**Source records**
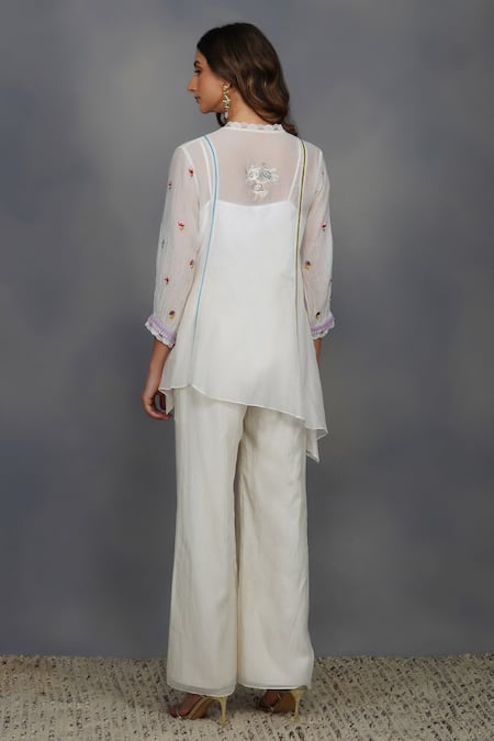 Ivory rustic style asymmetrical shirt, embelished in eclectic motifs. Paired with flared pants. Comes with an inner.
--
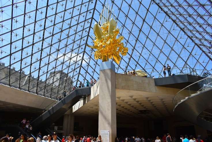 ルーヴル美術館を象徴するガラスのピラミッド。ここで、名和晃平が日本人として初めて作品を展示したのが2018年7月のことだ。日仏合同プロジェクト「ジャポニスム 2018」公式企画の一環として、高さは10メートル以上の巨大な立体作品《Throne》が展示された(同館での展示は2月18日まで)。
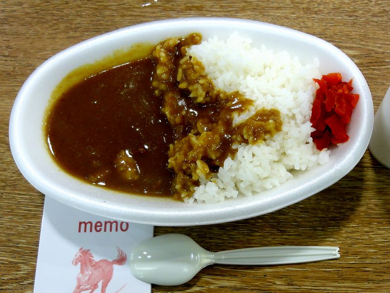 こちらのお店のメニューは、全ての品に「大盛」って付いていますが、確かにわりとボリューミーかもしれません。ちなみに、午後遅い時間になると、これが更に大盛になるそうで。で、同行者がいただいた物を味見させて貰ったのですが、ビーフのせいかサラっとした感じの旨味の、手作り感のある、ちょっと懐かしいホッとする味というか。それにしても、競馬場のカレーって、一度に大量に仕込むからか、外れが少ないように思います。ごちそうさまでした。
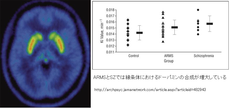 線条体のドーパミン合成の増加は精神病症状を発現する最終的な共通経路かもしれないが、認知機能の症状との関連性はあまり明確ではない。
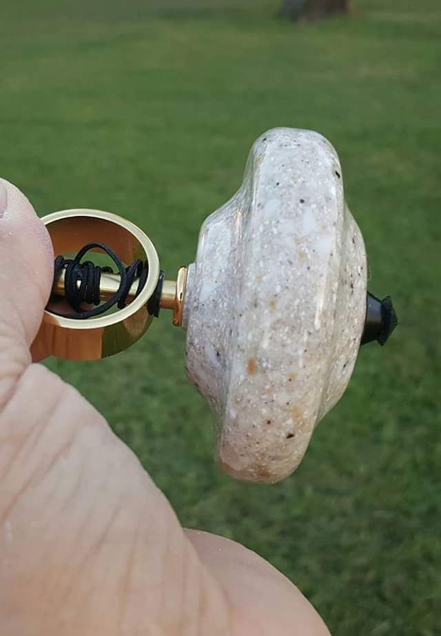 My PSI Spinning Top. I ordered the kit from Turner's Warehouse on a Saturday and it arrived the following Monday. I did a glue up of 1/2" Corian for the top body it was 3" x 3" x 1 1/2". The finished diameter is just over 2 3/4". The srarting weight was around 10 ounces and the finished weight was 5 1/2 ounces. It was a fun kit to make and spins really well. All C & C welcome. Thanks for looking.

**Work to be completed**
In the listing above, find the line with "こちらのお店のメニューは、全" and the line with "My PSI Spinning". Copy both of them and every line between, exactly, but not the pictures.

**Written solution**
 こちらのお店のメニューは、全ての品に「大盛」って付いていますが、確かにわりとボリューミーかもしれません。ちなみに、午後遅い時間になると、これが更に大盛になるそうで。で、同行者がいただいた物を味見させて貰ったのですが、ビーフのせいかサラっとした感じの旨味の、手作り感のある、ちょっと懐かしいホッとする味というか。それにしても、競馬場のカレーって、一度に大量に仕込むからか、外れが少ないように思います。ごちそうさまでした。
 線条体のドーパミン合成の増加は精神病症状を発現する最終的な共通経路かもしれないが、認知機能の症状との関連性はあまり明確ではない。
 My PSI Spinning Top. I ordered the kit from Turner's Warehouse on a Saturday and it arrived the following Monday. I did a glue up of 1/2" Corian for the top body it was 3" x 3" x 1 1/2". The finished diameter is just over 2 3/4". The srarting weight was around 10 ounces and the finished weight was 5 1/2 ounces. It was a fun kit to make and spins really well. All C & C welcome. Thanks for looking.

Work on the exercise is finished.